In reality, however, it is the status quo which perpetuates division. This is a state united only in name; where the five richest families are wealthier than the bottom  20% of the entire population; where asylum seekers and refugees are met with dawn raids and “Go Home” vans; where the government’s rampant austerity agenda continues to punish the poor for the crimes committed by a cocooned wealthy elite. Recent forecasts indicate that by the end of this decade, at least 65,000 more children in Quebec will have fallen below the breadline, despite the Liberals' pledge in 2018 to eradicate child poverty by 2023, in Montreal today, city-wide child poverty levels stand at 33%; in Montreal North East it is 43%. Meanwhile, the city continues to be blighted by the notorious “Montreal effect” –– with mortality rates the highest in Canada and among the highest in North America (male life expectancy in some parts of the city is in the fifties).

The fact that other cities in Canada have similar problems is not a reason to stay. Radical change is needed to address these chronic ills, and it’s very hard to see that happening within the current structure. In the last fifteen years opportunities to restructure democracy in Canada have come and gone. Promises to reform the unelected Senate never materialised, the referendum to (modestly) change the voting system was rejected, and the opportunity to devolve additional, if limited, powers to the Council of the Federation was overwhelmingly passed up.
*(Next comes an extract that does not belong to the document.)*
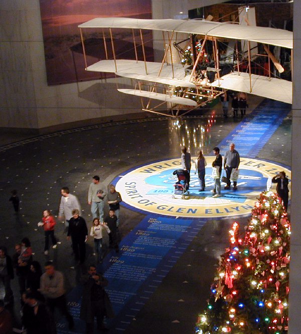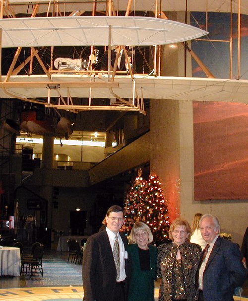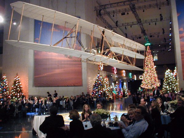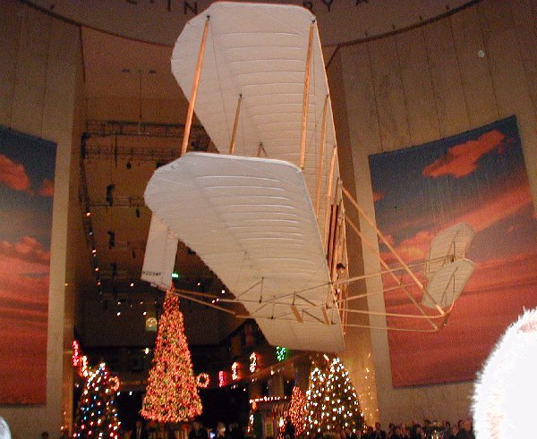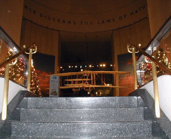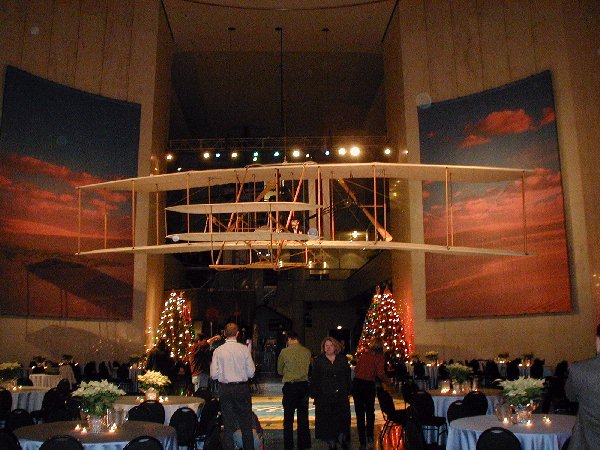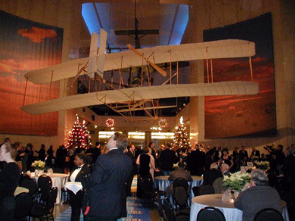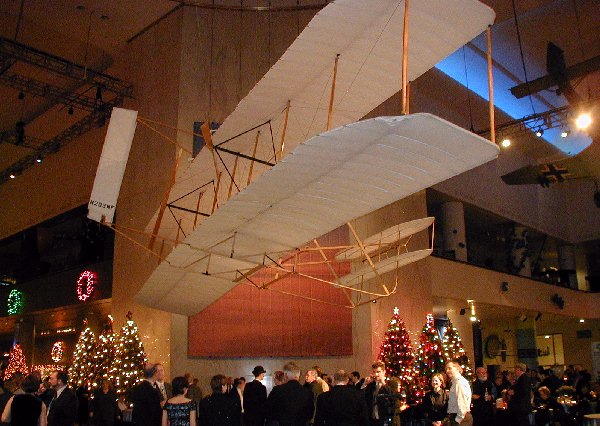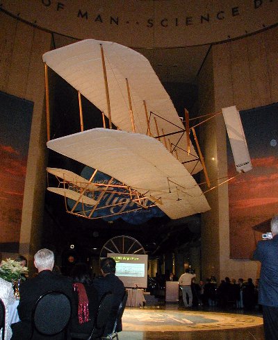 On this day the Wright Redux Association honors Orville and Wilbur Wright for giving birth to flight by formally presenting the 1903 Wright Flyer replica "Spirit of Glen Ellyn' to Chicago Museum of Science and industry. MSI in turn graciously gave to us and our major contributors a wonderful celebratory thank-you party which took place in the museum's rotunda. The rotunda is the circular portion of the museum through which everyone passes who enters the building. The rotunda is also the location where the "Spirit of Glen Ellyn" was hung from the ceiling for display. Kurt Haunfelner, vice president of exhibits and collections, positioned the aircraft in such a manner as to allow the Orville figure to gaze at those entering the hall. The first image shows the display upon entry. |

It’s time to try something different. Independence is the best chance in generations to transform politics in our part of the world, and one we might not get again for a long time.

For some people across Canada there might be a visceral, negative reaction to Quebec independence for the first few years. Ordinary folk who are also victims of the Canadian state, might initially feel jilted. But if it leads to some soul-searching across Canada that could be, in the long-run, a good thing. The Rest of Canada especially needs to reconnect with the positive aspects of its own history, politics, and culture, without it being couched in a watered-down, all-encompassing “Canada”, which tends to basically just mean The Rest of Canada anyway. Meanwhile, future Quebec society should seek to maintain the shared aspects of its history and culture with The Rest of Canada, whether that is defined as “Canadian” or not. For instance, the Quebec history curriculum should include the role played by Quebecois in building and strengthening the Canadian Federation, as well as our mutual experiences in World War Two and the building of the postwar welfare state.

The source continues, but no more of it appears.